L’antecedente più vicino di questa sconfitta imperiale nell’OSA risale al 31 maggio, quando una riunione consultiva dei ministri degli esteri ha sospeso, a Washington, la sua prima sessione in assenza di accordi circa i due progetti di risoluzione proposti. A nulla è servito che l’ineffabile Almagro manovrasse per spostare la Bolivia dalla presidenza del Consiglio Permanente dell’organismo regionale il 3 aprile, dal momento che le posizioni latinamericaniste e rispettose delle istituzioni di ogni paese hanno bloccato le risoluzioni contro il Venezuela, che ad essere approvate avrebbe agito come detonatori di nuove violenze nel paese sudamericano.

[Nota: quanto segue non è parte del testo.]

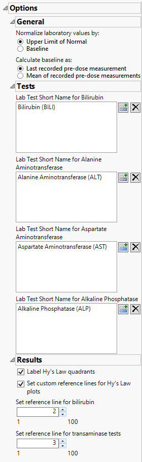 Use the text fields in these widgets to specify the Test Short Name (LBTESTCD ) value that corresponds to each of the tests associated with Hy’s Law screening. These include tests for bilirubin, alanine aminotransferase, aspartate aminotransferase, and alkaline phosphatase. These widgets enable you to specify individual tests when non-standard test names are used in the study. If these options are left blank, JMP Clinical uses the standard test designations.
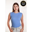 Kadın Bebe Mavisi Fitilli Likralı Sıfır Kol Bisiklet Yaka Örme Atlet Tshirt Bluz Bebe Mavi

Né si deve dimenticare che Almagro, da gennaio di quest’anno, fece orecchie da mercante alle denunce del governo bolivariano sulla violazione della Costituzione Politica da parte dell’Assemblea Nazionale che dichiarò “presidente assente” Nicolás Maduro, in un chiaro atteggiamento golpista, e non adempì la decisione di annullare il loro status di deputati ai tre dirigenti della destra, per lo Stato di Amazonas, ed uno dello stesso Partito Socialista Unificato del Venezuela. La mancata attuazione che, d’altra parte, spiega la decisione della Corte Costituzionale di dichiarare in insolenza l’Assemblea Nazionale. Al contrario, ciò che ha fatto il Segretario Generale dell’OSA è far pressione per attivare la Carta Democratica Interamericana senza che esistano le condizioni oggettive per questo.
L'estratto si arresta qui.